This article was originally published on rayliant.com by Jason Hsu, Ph.D., Chairman & CIO
ESG investing is one of the most important trends in global asset management. At its core, ESG investing seeks to do well by doing good. While some ESG proponents are content to assume that good karma will lead to good returns, most ESG champions argue that ESG related alpha opportunity arises from avoiding regulatory risk and benefiting from policy tailwinds. In this article, I explore this link between ESG alpha and government policy.
An important economics finding is that an unregulated free market can often encourage activities that produce negative externalities. Regulating the profit-maximization behavior of firms is critical for reducing these negative social impacts, thus ensuring Adam Smith’s conjecture that personal greed leads to social optimum continues to largely hold. In other words, appropriate regulation is necessary to save capitalism from capitalists. Industries which promote gambling, tobacco, liquor, recreational drugs, firearms, and sex — or those firms that pollute heavily, target minors, or wield monopolistic power — these firms are regulated because the invisible hand doesn’t quite move us toward a socially acceptable outcome.
To address these challenges, the visible hand of the regulator must work alongside the invisible hand of the free market. The visible hand often holds a heavy hammer: regulators in markets all over the world have busted up monopolies, reduced pollution, discouraged tobacco usage, protected minors from predatory businesses, or otherwise used their power to minimize or mitigate the negative externalities caused by a free market. Regulators are most likely to use their power against those industries and companies that generate the greatest negative externalities.
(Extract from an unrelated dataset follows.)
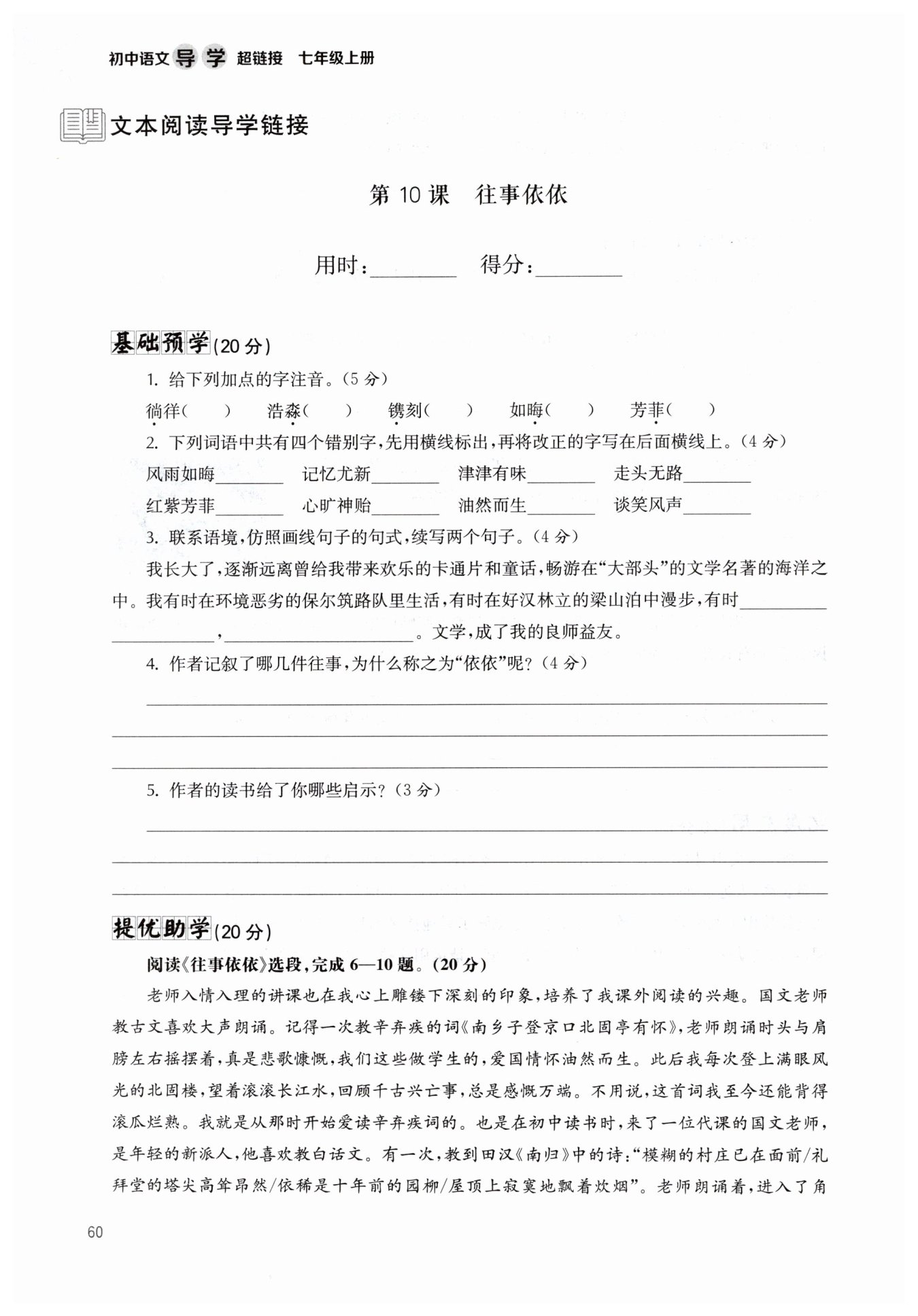 生来说都是极为难得的财富。“依依”突出这四件往事印象深刻,说明在自己记忆中很难忘。

So, how does this relate to ESG investing? Whether you screen for ESG (Environment, Social, Governance), SRI (Socially Responsible Investing), or SDG (Sustainability, Diversity and Green), you are also reducing your portfolio’s exposure to regulatory risk. In other words, ESG investing helps investors avoid those companies that are most likely to be in the regulator’s crosshairs–essentially helping investors avoid policy black swans.
Many investors in Chinese companies learnt this lesson the hard way in recent months. Since early 2020, Chinese regulators have gone after payday loan sharks and lending platforms targeting teens. The Chinese government withdrew support for coal miners and traditional automakers and provided heavy incentives for EV makers and buyers. Beijing has forbidden Moutai drinking at government functions and discouraged managers from coercing subordinates to drink alcohol at corporate functions; the state media have begun to draw attention to China’s abnormally high incidence of liver cirrhosis and the relationship between liquor indulgence and cancer. Regulators have also gone after real estate developers who stockpiled cheap land, often obtained from the government through suspect means, only to restrict housing supply. This technique has generated stratospheric real estate prices; unaffordable home prices have consistently been the number 1 reason for adult unhappiness in China. The government gave a stern warning to 34 consumer tech giants and later fined Alibaba to the tune of 2.8B for anti-competitive business practices. More recently, Beijing gave an ultimatum to “for-profit” cram schools to change their business model in an effort to reduce the unhealthy and expensive test prep culture in China, which has contributed to the country’s high suicide rates and low birth rates. And just this past week, the state has begun warning consumers about the ill-effect of mobile games designed to create opium-like addiction in teens.
The savvy China ESG investors are already well-aware of the costs borne by average Chinese citizens and how these costs are unfairly imposed by the country’s profit-maximizing industries and businesses. They likely have limited their exposure to these types of businesses, thereby avoiding the plummeting value of these firms in the wake of regulatory action over the past 18 months. And as a result, they would have earned superior alpha.
But for western-centric ESG investors, getting ESG “right” in China often remains a mystery. The social problems that create pain for the Chinese people are often not the ones that Westerners care about. Insofar that Western-centric ESG seeks to improve outcomes that don’t line up with the pain points of the Chinese people, we are unlikely to observe improvements. This is because the visible hand of the regulator does not serve foreigners’ perception of what’s important. Instead, it serves the concerns of the local people.
This observation will be important to global ESG investors from both a risk/return perspective and a philosophical perspective. On the risk/return side, focusing on avoiding low ESG companies according to the local identification of ESG issues is significantly more likely to help investors avoid policy black swans as regulators deal with local social issues.
On the philosophical side, ESG investors have a more interesting question to ask themselves: Is ESG investing about divesting from companies that violate Western values, or is it about divesting from companies that cause the greatest harm to the local population and society? Investors may find these two are rarely the same.